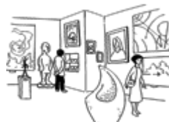
Le musée (museo)
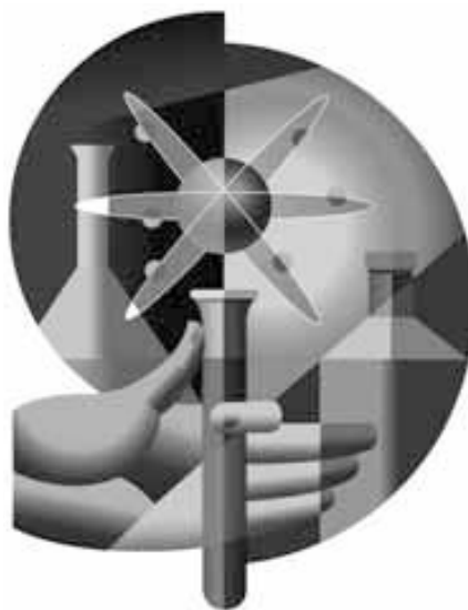
Ørsmå forskningsobjekter med revolusjonerende rekkevidde

I løpet av de siste 30 årene kan Boston dessuten smykke seg med høyest antall nobelprisvinnere (11) innenfor fysiologi og medisin. Harvard Medical School og Massachusetts Institute of
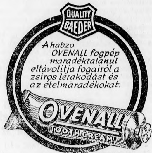
A HABZO FOGPÉP

új alakulást csak a Szövetkezeti Nemzeti Hivatal hagyhat jóvá. Új szövetkezetek alakítása alkalmával tehát ehhez az intézethez kell felküldeni 5 példányban az alapszabályokat, valamint a jegyzett üzletrész 10 százalékának lefizetését igazoló nyugtát. A 4 § szerint a szövetkezetek igazgatóságába elsősorban olyanok választandók be, akiknek nincsen tartozásuk egy szövetkezettel sem. Semmiesetre sem választhatók be azok, akik korábban bármi ok miatt fegyelmi úton valamelyik szövetkezet éléről el lettek távolítva. A 7 § kimondja, hogy a szövetkezetek évi mérlegét csak akkor lehet közgyűlés elé terjeszteni, ha azt a Nemzeti Szövetkezeti Hivatal ellenőre előzetesen látta-mozta. A 8. § szerint a szövetkezetek felügyelőbizottságába olyan tagok választandók be, akik
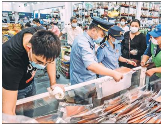
شراء السلمون انخفض بشدة بعد اتهامه بنقل كورونا

سمعة السلمون المطلخة لم تقتصر عليه بل امتدت إلى المأكولات البحرية الأخرى التي يقول أحد الباعة في سوق هذه الأغذية الرئيسية في المدينة أن مبيعاتها انخفضت بنسبة 80 بعد اتهام السلمون، ولكنه متفائل بعودتها إلى سابق عهدها خصوصا بعد أن أكدت السلطات الصحية أن السلمون لا يمكن أن يكون مستقبلا لفيروس كورونا.
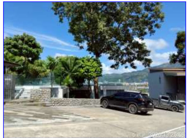
รูปที่ 2.7. ที่จอดรถ
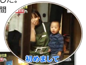
初めまして お金を持たずに旅をしております
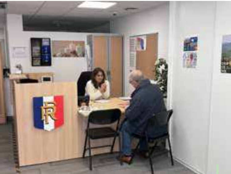
L'accueil de la Police Municipale
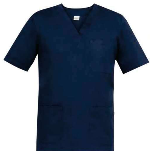
Z48 Blu Blue
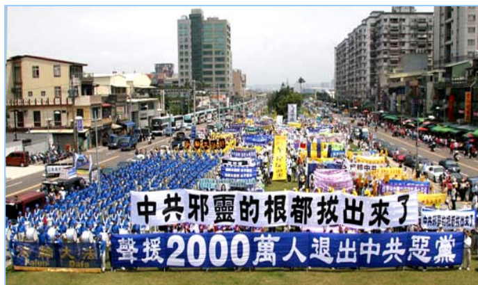
全球声援两千万人退出中共的大型活动已覆盖北美、欧洲及亚洲等十多个国家，声势浩大。图为四月十五日，近四千民众在台湾举行大游行，声援退党潮。

** 如果在 1991 年 8 月之前要是有人说苏共很快要垮台，人们一定会说这人是疯子。然而同年的 8 月 19 日，这个世界上最强大的共产党政权，在几天之间就被解体，震惊了世界。
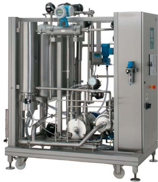
Westfalia Separator pharmacip PCA 2-5 Besonderheit: Einsatz eines Elektroerhitzers und einer selbstansaugenden Rücklaufpumpe

Die Qualitäts- und Funktionsprüfung der Anlage erfolgt bereits bei uns. Denn Westfalia Separator verfügt über das entsprechende Know How und die komplette Infrastruktur, die dafür notwendig ist. Ihr Mehrwert: Sie erhalten eine CIP-Anlage als Package Unit, die sofort funktionsbereit ist – natürlich inklusive aller erforderlichen Dokumente. Das spart Zeit, Geld und verschafft Ihnen einen Vorsprung. Und mit unserem „Original Manufacturer Service“ sind wir auch danach für Sie da, wann und wo in der Welt auch immer Sie Unterstützung brauchen.

Task: Your reply should consist solely of the lines above, from the opening line through the line with "A HABZO FOGPÉP", reproduced exactly and without pictures.

The completed task:
Le musée (museo)
Ørsmå forskningsobjekter med revolusjonerende rekkevidde

I løpet av de siste 30 årene kan Boston dessuten smykke seg med høyest antall nobelprisvinnere (11) innenfor fysiologi og medisin. Harvard Medical School og Massachusetts Institute of
A HABZO FOGPÉP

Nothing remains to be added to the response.